I think you greatly overestimate the complexity of the messaging and node
monitoring required to make FS run as a multi-master, multi-slave cluster,
detect a node failure, and have it automatically recover calls on a slave
system. You seem to be thinking of the task as if it were a general purpose
HA solution which needs to work for any random piece of software across
every imaginable network configuration and software deployment scenario.

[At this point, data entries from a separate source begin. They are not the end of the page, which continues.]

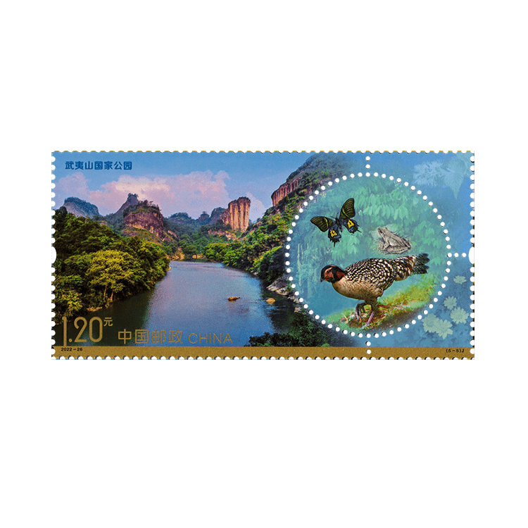 武夷山国家公园总面积1280平方公里,横跨福建、江西两省,是中亚热带森林生态系统典型代表、东南动植物宝库、世界文化和自然双遗产地,被中外生物学家誉为“天然植物园”“鸟的天堂”“蛇的王国”“昆虫的世界”“研究亚洲两栖爬行动物的钥匙”。邮票表现了福建假稠李、千里光、黄腹角雉、武夷林蛙、金斑喙凤蝶等元素。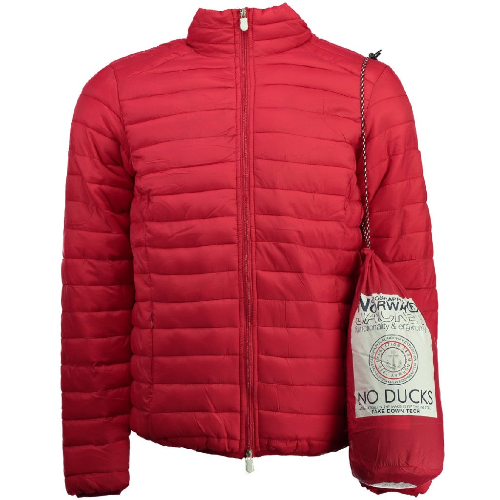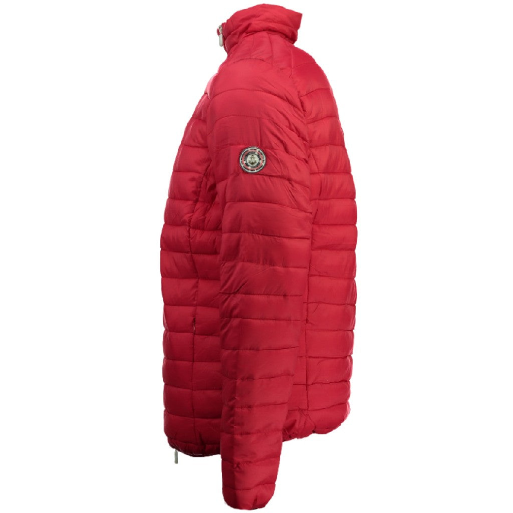 Chaqueta de niño ligera acolchada en color rojo, dispone de una bolsa con impresiones de la marca para guardar la prenda. Insignia PVC y bolsillos en la parte delantera.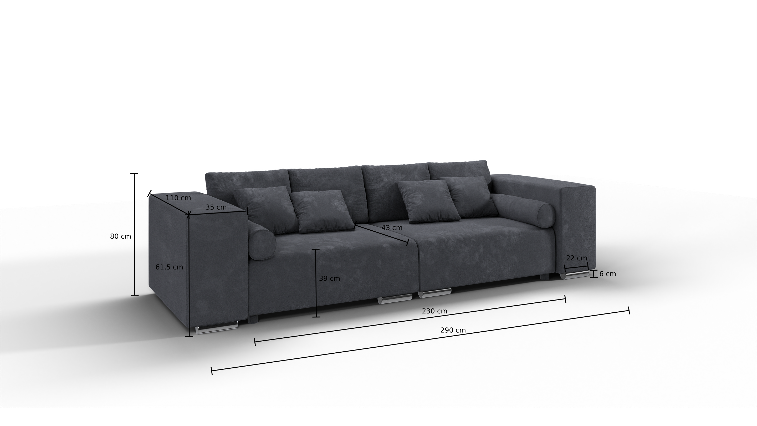 Grafitowa tkanina obiciowa wysokiej jakości jest przyjemna w dotyku i pokrywa również tył oparcia, dzięki czemu mebel świetnie wygląda z każdej strony. Sofa może być ustawiona przy ścianie lub w centrum pokoju – w zależności od potrzeb aranżacyjnych.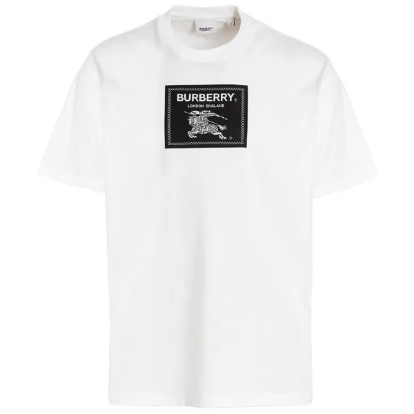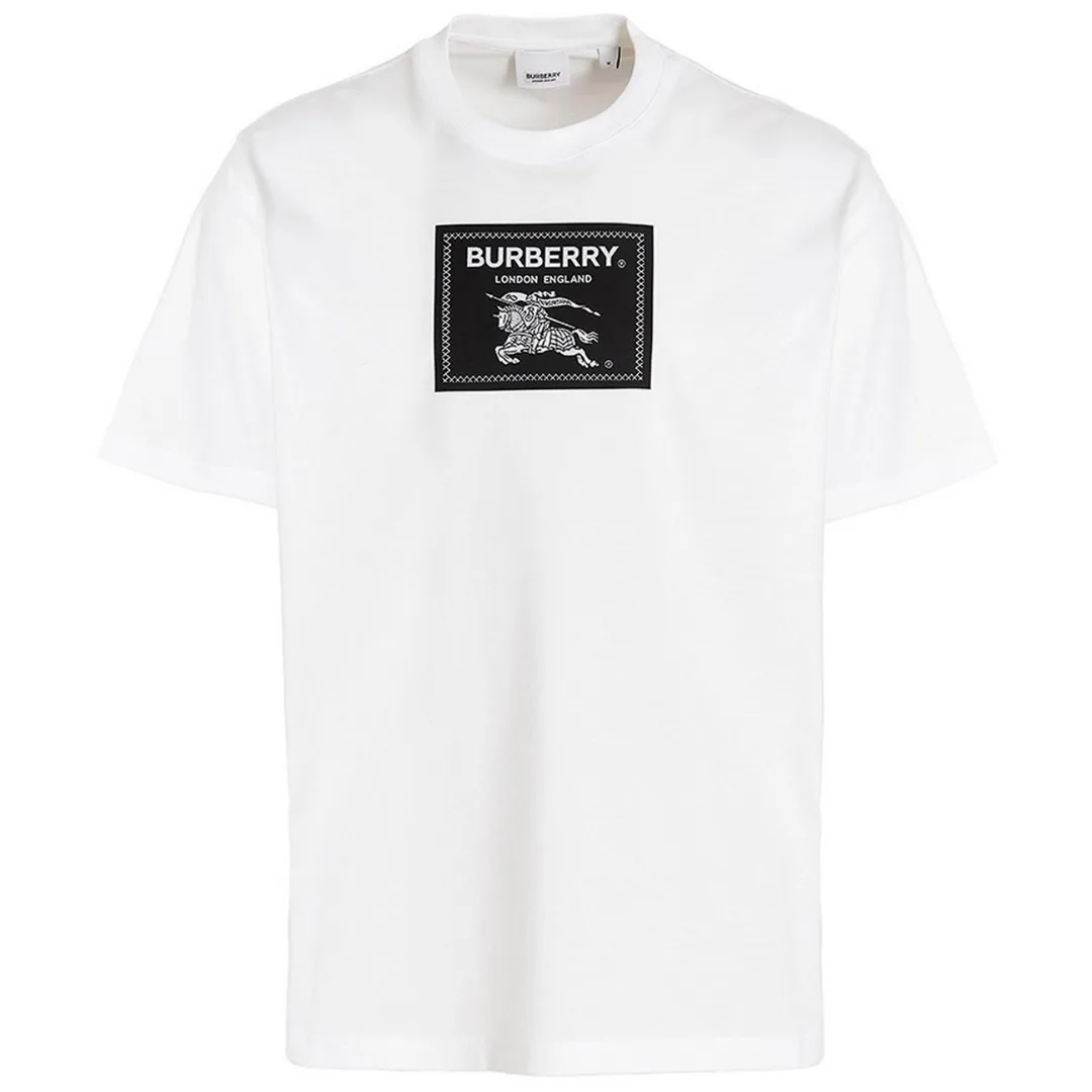 Burberry Box Logo White T-Shirt. Elevate your style with the Burberry White T-Shirt. This iconic White T-Shirt from Burberry is not only fashionable, but it also offers a comfortable fit and premium quality. Perfect for any occasion, this shirt will make you stand out and feel confident.. 100% Cotton, Crew Neck. Made In Portugal. Box Logo. Style: 8064397 Roundwood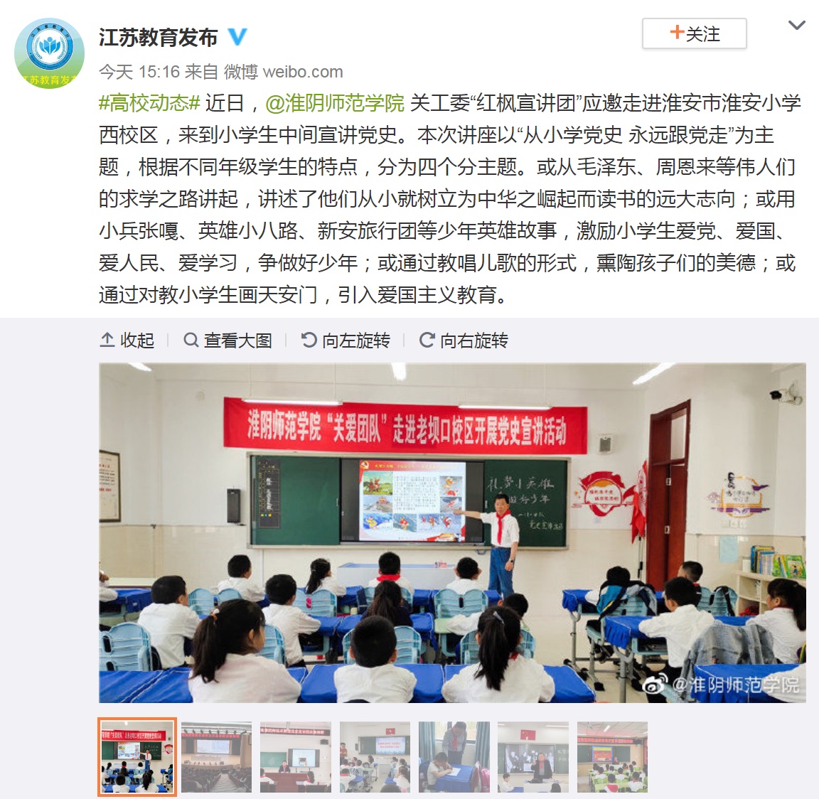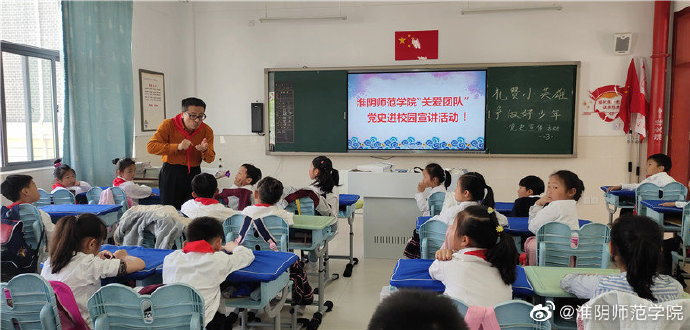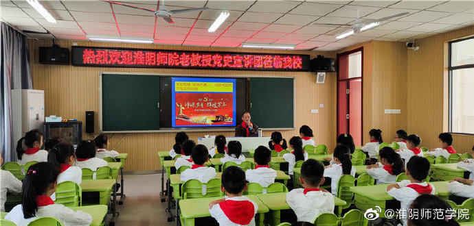 #高校动态# 近日,必赢71886网址登录关工委“红枫宣讲团”应邀走进淮安市淮安小学西校区,来到小学生中间宣讲党史。本次讲座以“从小学党史 永远跟党走”为主题,根据不同年级学生的特点,分为四个分主题。或从毛泽东、周恩来等伟人们的求学之路讲起,讲述了他们从小就树立为中华之崛起而读书的远大志向;或用小兵张嘎、英雄小八路、新安旅行团等少年英雄故事,激励小学生爱党、爱国、爱人民、爱学习,争做好少年;或通过教唱儿歌的形式,熏陶孩子们的美德;或通过对教小学生画天安门,引入爱国主义教育。

The messaging I need to do is simple:

1) I need to send events from the local FS node to all other slave nodes in
the cluster so they can synchronize call state, registration information,
call limiting information, etc.
2) I need to send heartbeats from all nodes to all nodes out all configured
NICs so they can keep track of who is in which state and which is the
designated slave in case of failure.

These two tasks accomplish everything needed to make this system work. The
heartbeats let each node calculate the state of the cluster. There is no
"single brain" in the cluster. There is a very specific and well-defined
set of rules by which the state of the cluster is calculated by each node,
and all nodes will always arrive at the same conclusion so long as you have
multiple physical networks to ensure communication is never broken between
sets of nodes.

The decision making happens on the slave nodes only. The masters are
already in their role and will stay that way unless something catastrophic
occurs.  They have ways to detect internal failures, and I will have a way
set up for them to detect and deal with a segfault of FS, as well. If such
a failure occurs, their single purpose task is to shut down as cleanly as
possible and get themselves back into a stable state. The slaves also have
only one goal: to recover the calls of the failed master and become the new
master. One slave is always designated as the primary candidate, and all
slaves know which it is at all times (once they exchange their first
heartbeats). They also know which is the secondary, tertiary, etc. It is
all pre-determined up-front and only changes if a failure, reconfiguration,
or maintenance event occurs. When the primary sees a master go down, it
will perform a sanity check on itself first (to make sure it didn't have an
issue) and then take over for the first master it saw go down. Once it has
started that process, it broadcasts that it is switching to master and
which master it is taking over for. At this point, the secondary
immediately becomes primary to all remaining slaves and it is immediately
available to take over for any other master nodes which might also have
failed simultaneously.

The whole process is a very specific and very orchestrated process. The
whole thing is barely comparable to the complexity of the failure detection
and fail over process which Pacemaker has to deal with. I am not trying to
recreate something like Pacemaker. It is a hugely complex system which has
to deal with all sorts of random and generalized configurations of endless
types of software. Pacemaker is like an interstellar spacecraft while I
just need a rocket to put a satellite in orbit.